A new resource and methodological considerations on verb subcategorization biases

Susanne Gahl,1 Douglas Roland2 & Daniel Jurafsky2
1
University of Illinois at Urbana-Champaign. 2 University of Colorado, Boulder

gahl@icsi.berkeley.edu

 

Verb transitivity biases, and verb subcategorization probabilities generally, play an important role in models of sentence processing.  Unfortunately, counts from different corpora and from psychological norming studies, though generally positively correlated, differ considerably (see, e.g., Merlo, 1994; Lapata et al., 2000), partly due to differences in text genre and verb senses (e.g., Biber, 1988; Roland &Jurafsky, 1998).

To make matters worse, different studies have applied different criteria for transitivity.  In this paper, we describe the results of a new norming study with a coding system that allows us to investigate how coding decisions affect transitivity biases, and we discuss two types of syntactic constructions --- adjectival passives and verb+particle constructions --- that affect transitivity counts considerably.

The norming study is based on British and American English corpora (Francis & Kucera, 1982; Zeno et al., 1995), hand-labeled by a group of Linguistics graduate students.  Our coding scheme distinguishes 15 different patterns, including passives, and sentential complements.  Between 100 and 200 occurrences of 300 verbs were coded.  One result of the project is a detailed labelers manual discussing many of the complications surrounding subcategorization counts.

Both "absolute" and "relative" criteria have been used in describing verb transitivity biases.  By the "absolute" criterion, a verb is considered highly transitive if the proportion of transitive uses exceeds some pre-determined cut-off point, say 50%.  By the "relative" method, the proportion of transitive uses needs to exceed that of some alternative pattern, say sentential complements.  Studies comparing different corpora have generally applied some version of the "absolute" method, comparing the percentages of, for example, transitive uses of a particular verb in different corpora.  However, most experimental studies of the behavioral effects of verb biases have relied on the "relative" method.  One conclusion emerging from our cross-corpus comparisons is that agreement among different corpora is considerably higher if the "relative" method is used.

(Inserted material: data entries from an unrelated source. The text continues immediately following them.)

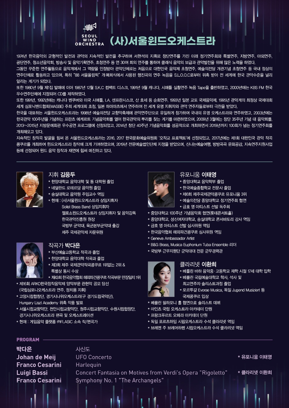 주최: (사)서울윈드오케스트라, 주관: 예인기획 02-586-0945
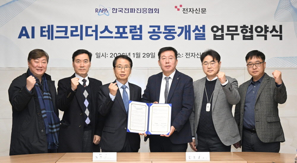 한국전파진흥협회(RAPA)와 전자신문이 29일 서울 서초구 전자신문 본사에서 ‘AI 테크 리더스 포럼’ 공동 개최를 위한 업무협약(MOU)을 체결했다. 양 기관은 이번 협력을 통해 AI 대전환(AX) 시대를 맞아 산업 및 공공 영역의 인공지능 활용 역량을 강화하고, AI 기반의 혁신 전략과 리더십 확산을 위한 협력 체계를 구축하기로 합의했다. 올해로 5회째를 맞는 이 포럼은 오는 3월 9일부터 7월 20일까지 매주 월요일 서울 양재 엘타워에서 진행된다. 기업 최고경영자(CEO) 및 임원, 고위 공무원 등 리더를 대상으로 AI 최신 기술 트렌드를 넘어 경영과 산업 전략 관점에서의 AX 실행 전략을 중점적으로 다룰 예정이다. 포럼은 AI 반도체, 헬스케어, AI 거버넌스 등 다양한 주제로 구성되며, 현재 참가자를 모집 중이다.
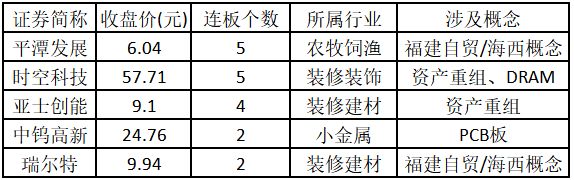 从连板情况来看,今日首板个股有 49 只;2 连板的个股有 8 只;3 连板及以上的个股有 3 只。今日连板数排名前 5 的个股包括平潭发展、时空科技、亚士创能、中钨高新、瑞尔特,具体如下表所示。
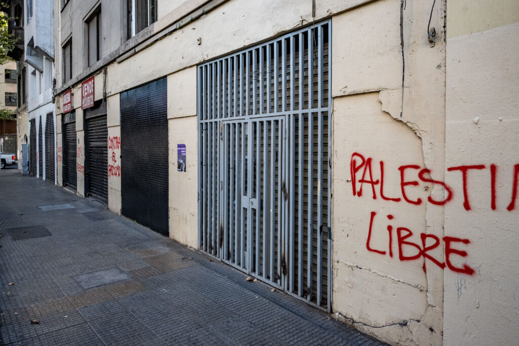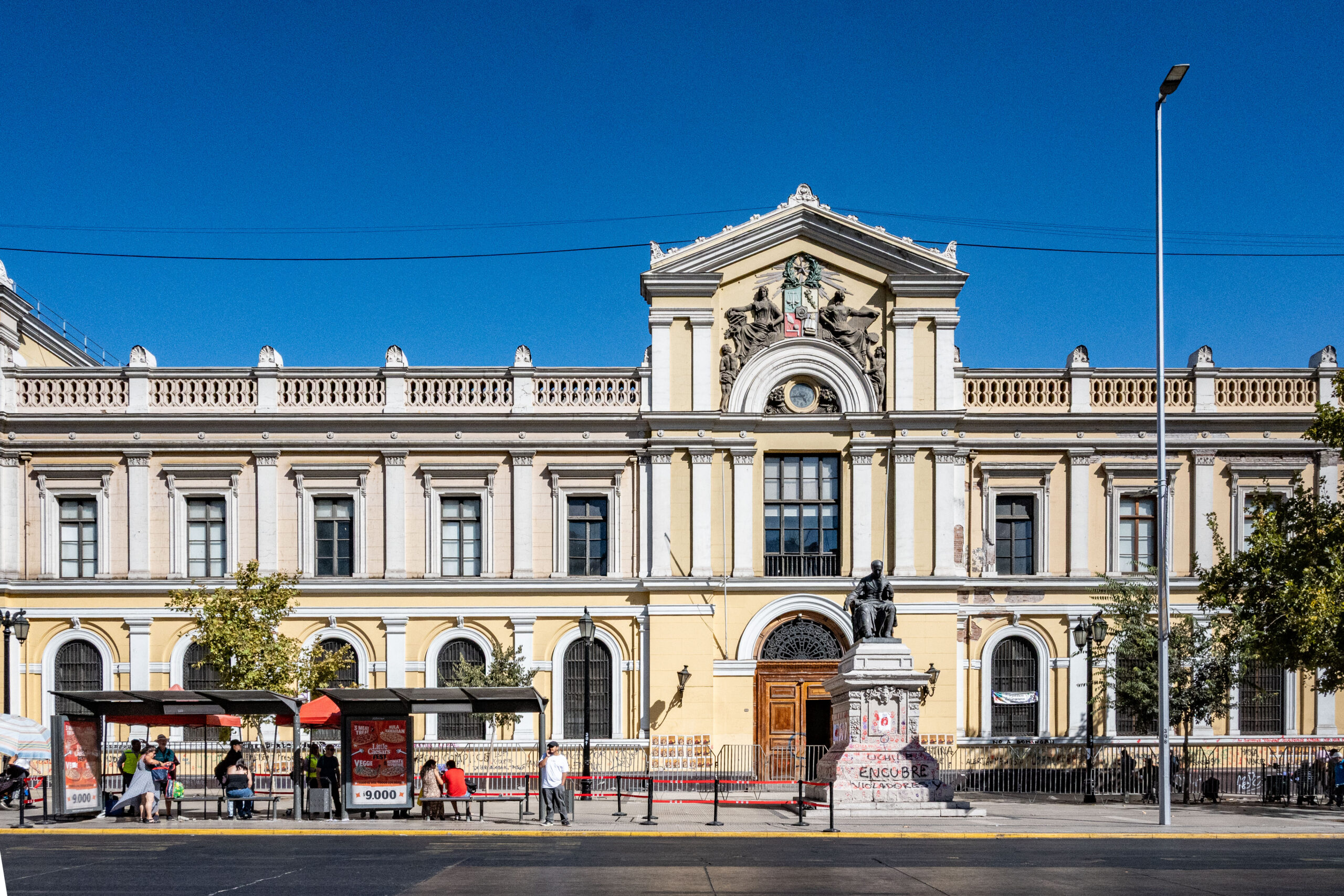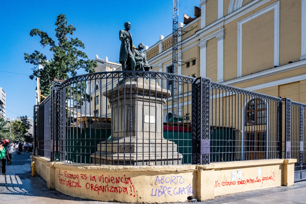 Santiago, marzo 2026.- Tras la marcha en conmemoración del Día Internacional de la Mujer, el Gobierno de Santiago, a través de su programa Recuperación de Fachadas Eje Alameda, inició labores de limpieza en los inmuebles del sector. Actualmente los trabajos presentan un 60% de avance y se espera que esta jornada finalicen los trabajos, de cara al cambio de mando presidencial.
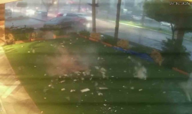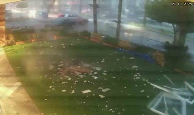 Antalya'da dün akşam saatlerinde yaşanan fırtınaya dayanamayarak yola uçan tonlarca ağırlığındaki çatının düşme anı güvenlik kamerasına yansıdı
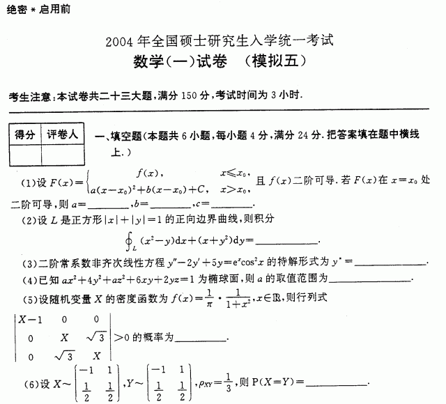 2004年合肥工业大学冲刺辅导模拟试卷数学一试题模拟五
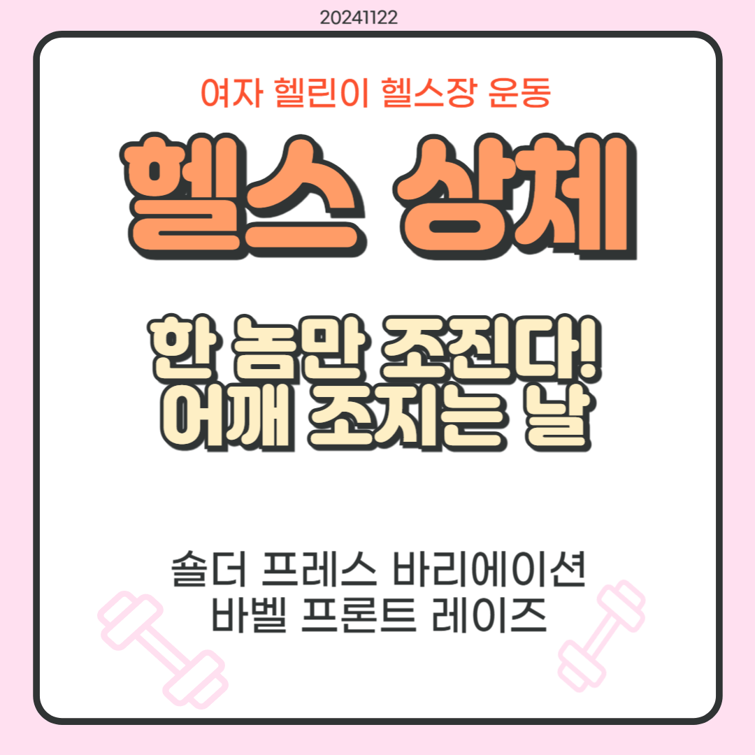 벤치는 조금만 뒤로 젖히기. 너무 누우면 벤치 프레스가 되기 때문에, 즉당히 어깨만 사용할 정도로~

Adjectival passives (or "pseudo-passives" and "semi-passives", cf. Quirk et al., 1985) superficially resemble true passives, but their syntactic and aspectual properties are those of adjectives, not verbs (cf. the examples in (1) below).  Adjectival passives are frequently counted as transitive verb occurrences in available norming studies (e.g., Lalami, 2000; Lapata et al., to appear), partly because form-based automatic extraction methods are unable to distinguish adjectival and true passives.  Analysis of our data shows that adjectival passives account for an average of 8.1% of verb occurrences, and as much as 85% of the "transitive" occurrences of verbs like locate and delight.  This affects the overall counts considerably: For example, the transitivity biases of 16 out of the 59 "Psych-verbs" (Levin, 1993) in our data set change from "high" to "low" or "mid" if adjectival passives are excluded.  Similarly, verb+particle combinations (e.g., look it up) make up an average of 35% of "transitive" verb occurrences and have been variously counted as transitive or non-transitive in previous studies.  How these forms are actually processed in human parsing may be unclear, but their treatment in estimating verb biases significantly affects the databases underlying sentence processing research.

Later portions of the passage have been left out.